▶ **Problem statement**
Nothing but the lines from the one with "为了帮助同学们明晰职业发展方" through the end of the records may appear in the answer, each reproduced exactly, pictures omitted.

+ + + + +

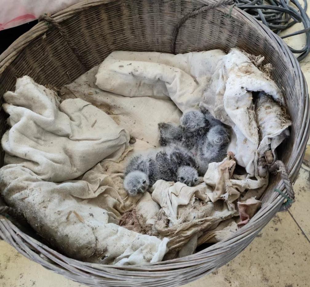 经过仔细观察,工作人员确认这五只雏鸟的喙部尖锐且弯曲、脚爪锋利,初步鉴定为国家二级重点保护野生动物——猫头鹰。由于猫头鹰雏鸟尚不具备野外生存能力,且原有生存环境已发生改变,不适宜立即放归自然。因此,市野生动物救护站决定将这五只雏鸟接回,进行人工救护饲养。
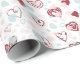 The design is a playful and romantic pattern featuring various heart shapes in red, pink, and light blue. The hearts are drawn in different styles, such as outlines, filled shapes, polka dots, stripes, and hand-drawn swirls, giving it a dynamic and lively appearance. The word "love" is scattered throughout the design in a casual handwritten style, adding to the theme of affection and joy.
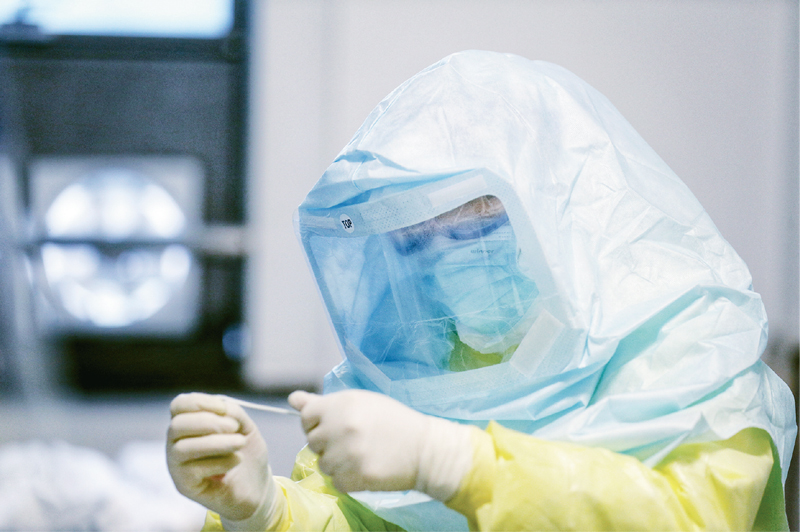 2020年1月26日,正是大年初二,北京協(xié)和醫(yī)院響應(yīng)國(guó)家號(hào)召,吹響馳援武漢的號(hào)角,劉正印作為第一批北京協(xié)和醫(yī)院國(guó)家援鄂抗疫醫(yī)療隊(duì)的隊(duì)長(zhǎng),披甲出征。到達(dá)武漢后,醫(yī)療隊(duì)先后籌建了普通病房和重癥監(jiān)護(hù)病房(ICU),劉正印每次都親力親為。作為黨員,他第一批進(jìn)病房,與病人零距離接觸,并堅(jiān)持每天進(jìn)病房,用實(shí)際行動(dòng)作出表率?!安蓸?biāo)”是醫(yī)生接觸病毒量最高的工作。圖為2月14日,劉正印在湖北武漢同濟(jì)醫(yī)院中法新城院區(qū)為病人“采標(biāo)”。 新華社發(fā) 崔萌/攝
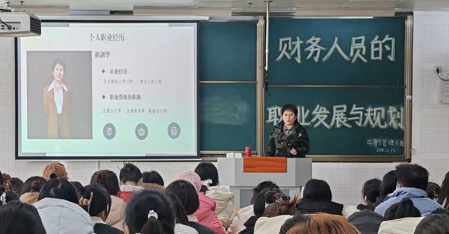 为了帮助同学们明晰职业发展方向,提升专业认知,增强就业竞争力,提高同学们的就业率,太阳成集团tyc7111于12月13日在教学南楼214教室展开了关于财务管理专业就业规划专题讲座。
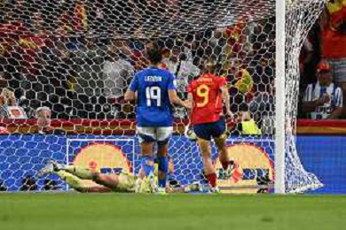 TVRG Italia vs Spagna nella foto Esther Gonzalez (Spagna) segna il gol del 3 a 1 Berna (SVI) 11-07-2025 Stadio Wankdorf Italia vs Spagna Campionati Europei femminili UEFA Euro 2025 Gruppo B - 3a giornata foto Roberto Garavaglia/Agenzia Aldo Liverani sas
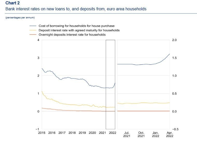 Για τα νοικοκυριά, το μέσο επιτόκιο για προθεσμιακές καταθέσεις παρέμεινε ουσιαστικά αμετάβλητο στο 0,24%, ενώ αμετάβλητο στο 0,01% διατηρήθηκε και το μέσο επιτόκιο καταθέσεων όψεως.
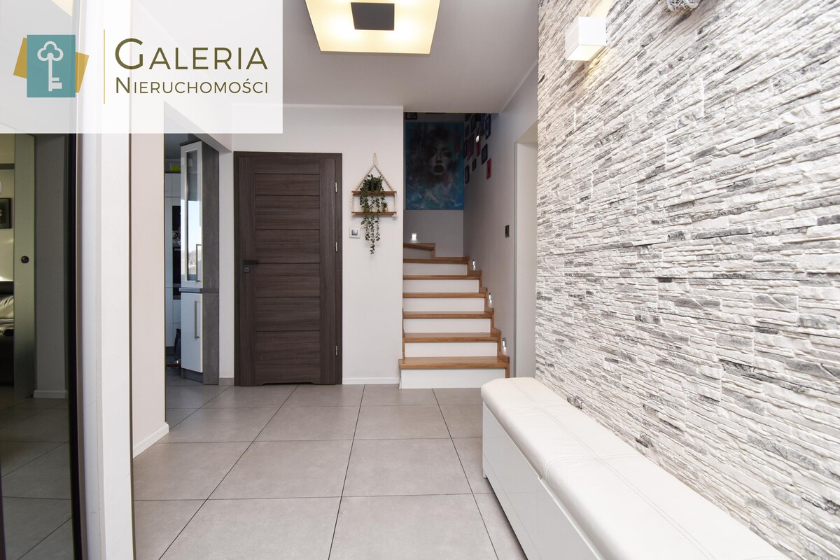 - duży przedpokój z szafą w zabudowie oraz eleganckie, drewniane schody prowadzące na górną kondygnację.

+ + + + +

▶ **Exercise solution**
 为了帮助同学们明晰职业发展方向,提升专业认知,增强就业竞争力,提高同学们的就业率,太阳成集团tyc7111于12月13日在教学南楼214教室展开了关于财务管理专业就业规划专题讲座。
 TVRG Italia vs Spagna nella foto Esther Gonzalez (Spagna) segna il gol del 3 a 1 Berna (SVI) 11-07-2025 Stadio Wankdorf Italia vs Spagna Campionati Europei femminili UEFA Euro 2025 Gruppo B - 3a giornata foto Roberto Garavaglia/Agenzia Aldo Liverani sas
 Για τα νοικοκυριά, το μέσο επιτόκιο για προθεσμιακές καταθέσεις παρέμεινε ουσιαστικά αμετάβλητο στο 0,24%, ενώ αμετάβλητο στο 0,01% διατηρήθηκε και το μέσο επιτόκιο καταθέσεων όψεως.
 - duży przedpokój z szafą w zabudowie oraz eleganckie, drewniane schody prowadzące na górną kondygnację.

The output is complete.